Chrysin and isoproterenol was procured from Sigma Chemical Company (St. Louis, MO, USA) and was suspended in 0.5% carboxymethyl cellulose and dissolved in normal saline respectively. p44/42 MAPK (ERK½) (137 F5), phospho-p44/42 MAPK (ERK½) (Thr202/Tyr204), SAPK/JNK, phospho-SAPK/JNK (Thr183/Tyr185), TGF-β and IKK-β (L570) antibodies were purchased from Cell Signaling Technology, USA. PPAR-γ and P-p38 antibodies were purchased from Santa Cruz, USA and MMP-2, p38, β-actin, and NF-κBp65 antibodies were procured from Abcam Technologies, USA. Secondary antibodies were purchased from Merck GeNei, India. Creatine Kinase isoenzyme-MB (CK-MB) (Spinreact, Spain), 8-hydroxy-2′-deoxyguanosine (8-OHdG) (BMassay, Beijing, China), Rat Tumor necrosis factor-alpha (TNF-α) (Diaclone Tepnel Company, UK) and Lactate Dehydrogenase (LDH) isoenzyme (Logotech, Delhi, India) kits were used.

Experimental protocol

Rats were divided into six groups with 10 animals in each group viz.
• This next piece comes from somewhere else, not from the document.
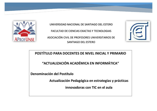 Y TECNOLOGIAS ASOCIACIÓN CIVIL DE PROFESORES UNIVERSITARIOS DE SANTIAGO DEL ESTERO POSTÍTULO PARA DOCENTES DE NIVEL INICIAL Y PRIMARIO “ACTUALIZACIÓN ACADÉMICA EN INFORMÁTICA” Denominación del Postítulo Actualización Pedagógica en estrategias y prácticas innovadoras con TIC en el aula

Group 1 (Sham): Rats were administered 0.5% carboxymethyl cellulose orally (1.5 mL/kg) for a period of 28 days. Consecutively, on 27th and 28th day the experimental animals were subcutaneously injected normal saline (1.5 mL/kg).

Group 2 (ISO): Rats were administered 0.5% carboxymethyl cellulose orally (1.5 mL/kg) for a period of 28 days. Consecutively, on 27th and 28th day the experimental animals were subcutaneously injected isoproterenol (85 mg/kg) to induce myocardial injury.

Groups 3–5 (Chr15, 30, 60 + ISO): Rats were administered chrysin (15, 30 and 60 mg/kg, p.o., respectively) for a period of 28 days. Consecutively, on 27th and 28th day the experimental animals were subcutaneously injected isoproterenol (85 mg/kg).

Group 6 (Chr60ps): Rats were administered chrysin (60 mg/kg, p.o., respectively) for a period of 28 days. Consecutively, on 27th and 28th day the experimental animals were subcutaneously injected normal saline (1.5 mL/kg).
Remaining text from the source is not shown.